Viviennemary · 18/06/2021 16:31

I don't think I' d send a card in those circumstances. He sounds realy bitter and is trying to get at you by this awful behaviour towards your child.

Tlollj · 18/06/2021 16:40

No I wouldn’t send a card fuck him

Lilly239 · 18/06/2021 16:51

@picklemewalnuts he wasn’t a particular hands on parent but I just thought that was his personality but always professed he loved child as his own etc but when separation came he didn’t even want to pay maintenance I felt he was thinking he shouldn’t have to! I was like why and he said well we said when we adopted etc child support wouldn’t be gone for it we split!! I said I never said that!! There was no agreement there was no nothing he made me believe we was a family and that we loved our child completely so you can imagine after separation to maybe find out if he’s saying these things was it just a role he played? Incredibly hurtful that isn’t it? x

OP posts:
Lilly239 · 18/06/2021 16:55

He does seem bitter. I just understand it at all. He promised to child’s face he wanted to come spend time and etc and will make effort with child and then a few days later nothing and making remarks like only my legal child and refusing to offer child maintenance ...it was a total flip of the situation within days / I’m still perplexed months on- and I thought for someone to change within days what said was going to happen must mean they never felt like that originally in the first place

OP posts:
Viviennemary · 18/06/2021 17:01

Did he want to split up or stay together. That in no way justifies his behaviour of course but might at least give you a clue as why he is doing this. It seems really spiteful towards a child.
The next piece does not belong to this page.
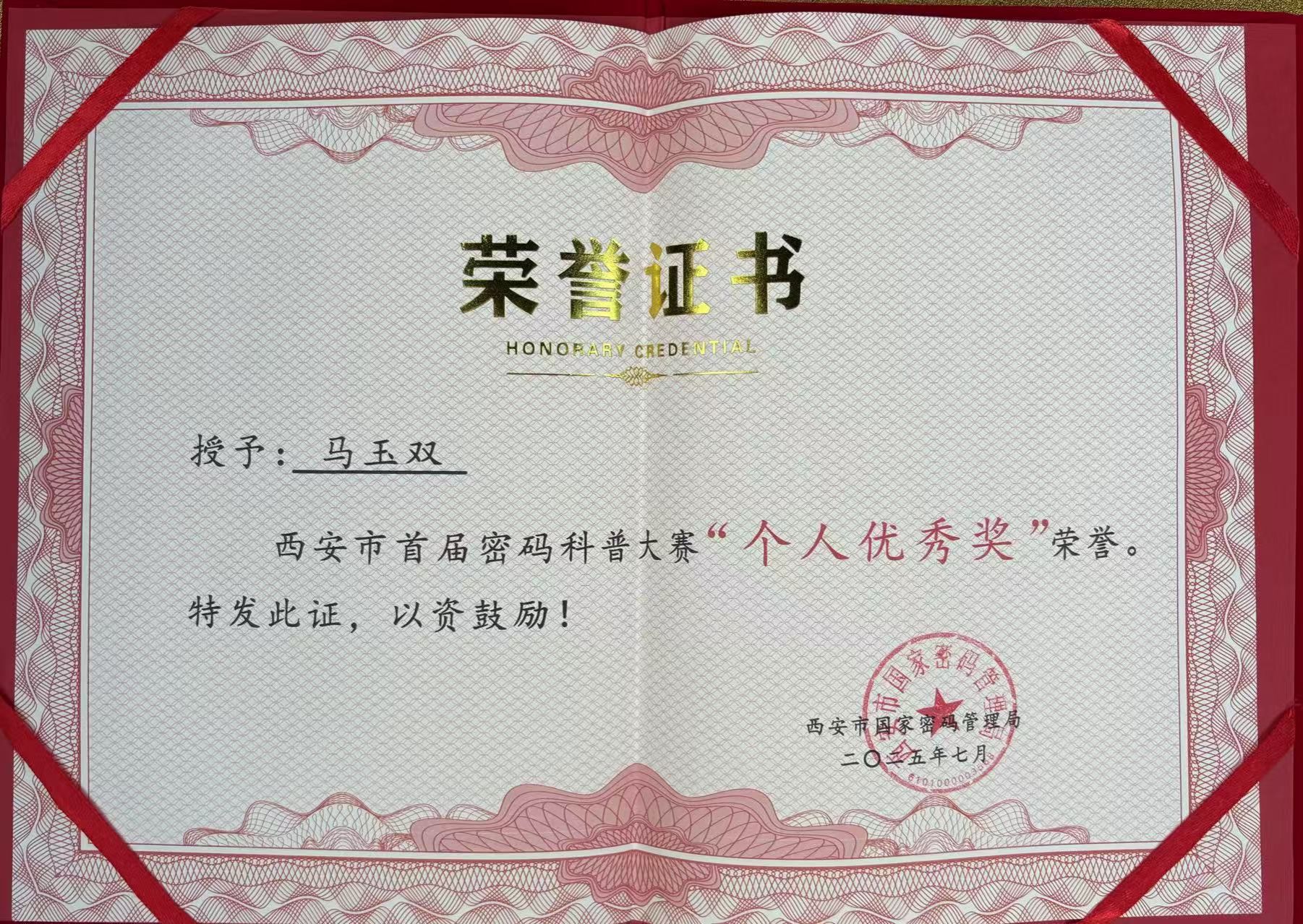 西安市国家密码管理局于6月至7月举办首届密码科普大赛。来自市级机关、高校、医院及企业等16支团队、100名个人成功晋级决赛,我院2支参赛团队在决赛中分别获得“团体优秀奖”,1名学生获得“个人优秀奖”。

BunnyRuddington · 18/06/2021 18:51

He does seem bitter. I just understand it at all. He promised to child’s face he wanted to come spend time and etc and will make effort with child and then a few days later nothing and making remarks like only my legal child and refusing to offer child maintenance ...it was a total flip of the situation within days / I’m still perplexed months on-

You've mentioned this a couple of times now, and I can totally understand why you're having a problem with his change in attitude.

In all honestly though, you may never find out the reason and you could drive yourself half insane thinking about it.

It's a lot easier to say than do but could you plan a few things with your DD? Even if it's having a sleepover in the lounge, baking a cake or visit to a different park.

Concentrating on small things like this will help you and your DD adjust to this new life and should hopefully help you forget a bit about his awful behaviour.

I personally wouldn't send a card, unless your DD had specifically asked to. I think Picklemewalnuts had the best suggestion.